Restate, exactly as written, the entries below from the line that holds "Thống kê phong" through the line that holds "大理石保養拋光DIY - 重度霧白除汙拋光組". Pictures are not part of the copy.

Dataset records –
----------

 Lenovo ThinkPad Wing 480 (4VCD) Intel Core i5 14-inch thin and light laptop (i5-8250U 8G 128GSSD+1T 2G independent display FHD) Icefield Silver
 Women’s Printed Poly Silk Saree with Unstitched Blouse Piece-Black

----------

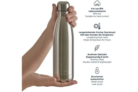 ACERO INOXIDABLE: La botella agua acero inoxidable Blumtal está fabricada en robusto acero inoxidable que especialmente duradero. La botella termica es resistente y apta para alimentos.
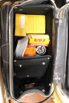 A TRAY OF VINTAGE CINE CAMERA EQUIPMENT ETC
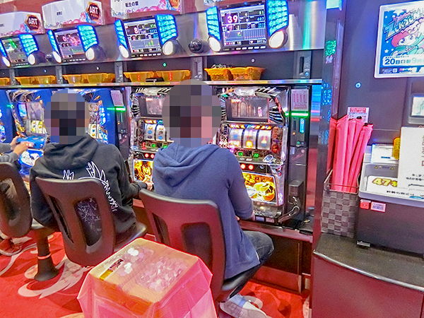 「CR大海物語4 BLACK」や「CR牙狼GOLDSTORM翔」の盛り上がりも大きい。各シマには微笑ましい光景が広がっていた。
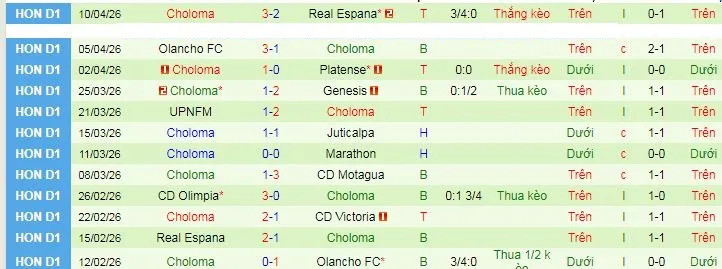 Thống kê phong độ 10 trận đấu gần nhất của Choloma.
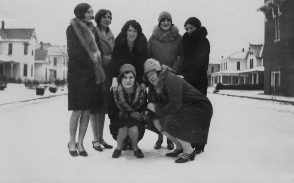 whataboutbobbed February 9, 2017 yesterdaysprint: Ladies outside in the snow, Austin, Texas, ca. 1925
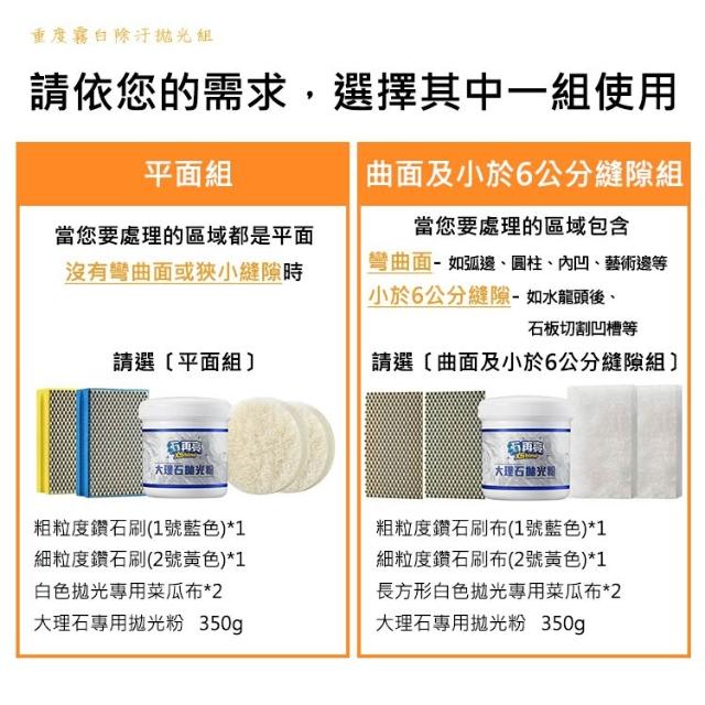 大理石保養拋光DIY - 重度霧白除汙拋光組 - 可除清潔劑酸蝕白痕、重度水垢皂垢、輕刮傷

----------

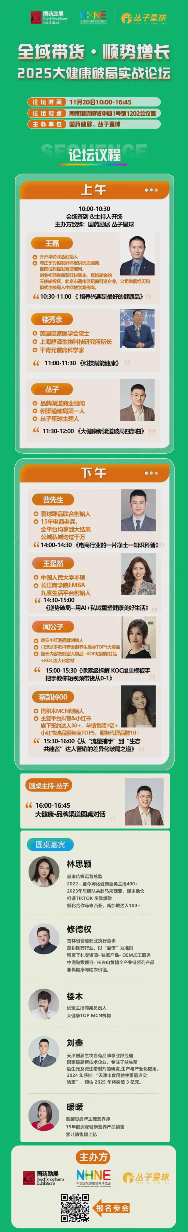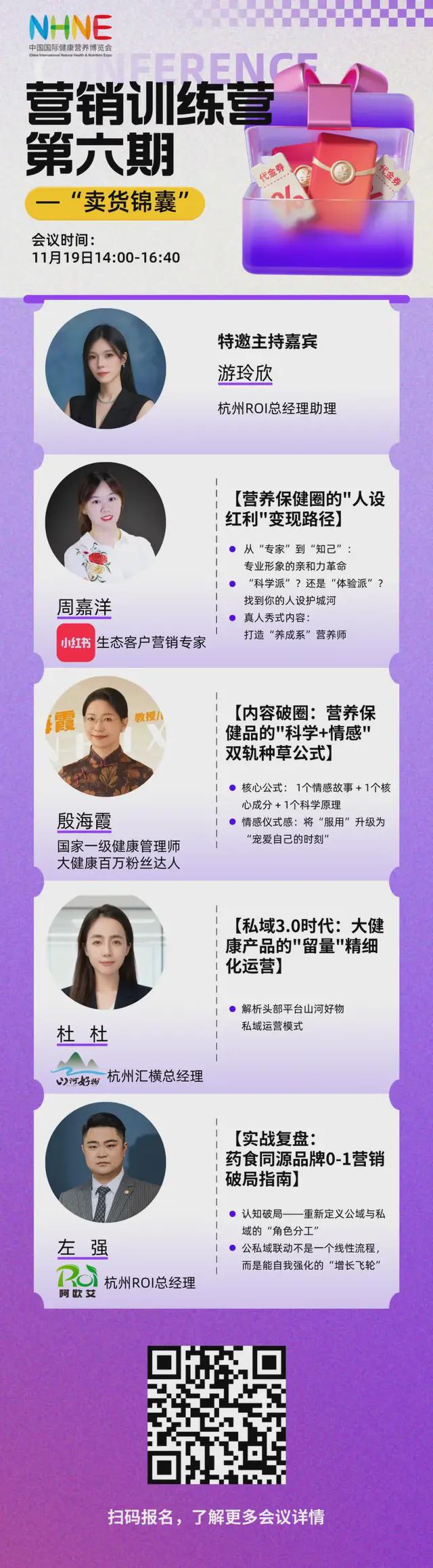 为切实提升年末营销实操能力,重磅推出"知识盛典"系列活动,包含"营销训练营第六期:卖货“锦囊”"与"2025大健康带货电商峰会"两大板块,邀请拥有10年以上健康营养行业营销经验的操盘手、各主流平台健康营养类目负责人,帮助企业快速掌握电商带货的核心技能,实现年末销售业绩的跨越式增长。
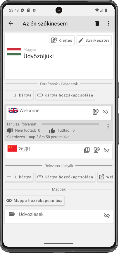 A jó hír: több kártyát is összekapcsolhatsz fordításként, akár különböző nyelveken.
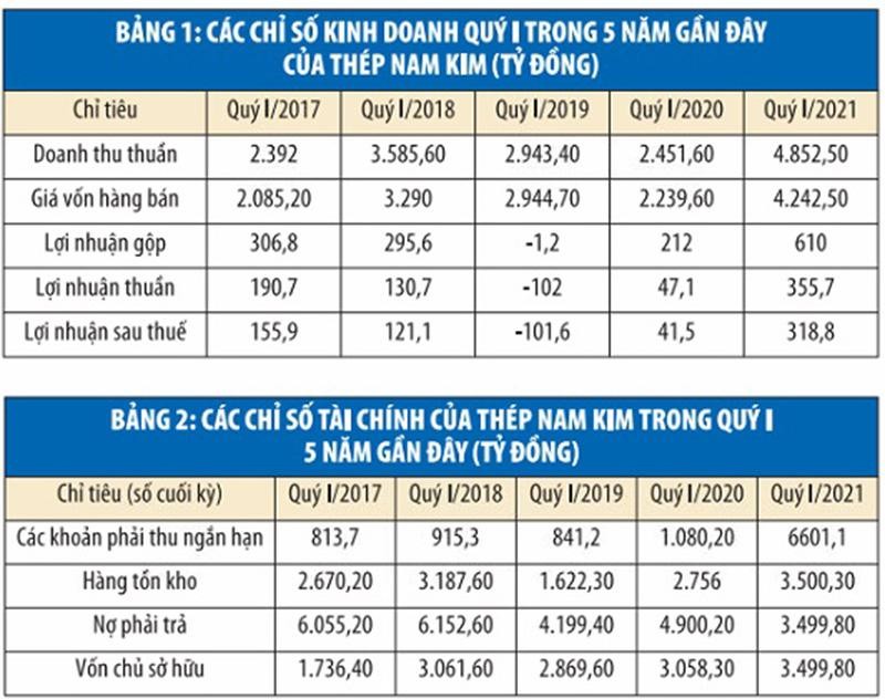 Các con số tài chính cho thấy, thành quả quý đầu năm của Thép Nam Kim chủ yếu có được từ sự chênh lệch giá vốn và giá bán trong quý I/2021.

----------

Problem solution –
 Thống kê phong độ 10 trận đấu gần nhất của Choloma.
 whataboutbobbed February 9, 2017 yesterdaysprint: Ladies outside in the snow, Austin, Texas, ca. 1925
 大理石保養拋光DIY - 重度霧白除汙拋光組 - 可除清潔劑酸蝕白痕、重度水垢皂垢、輕刮傷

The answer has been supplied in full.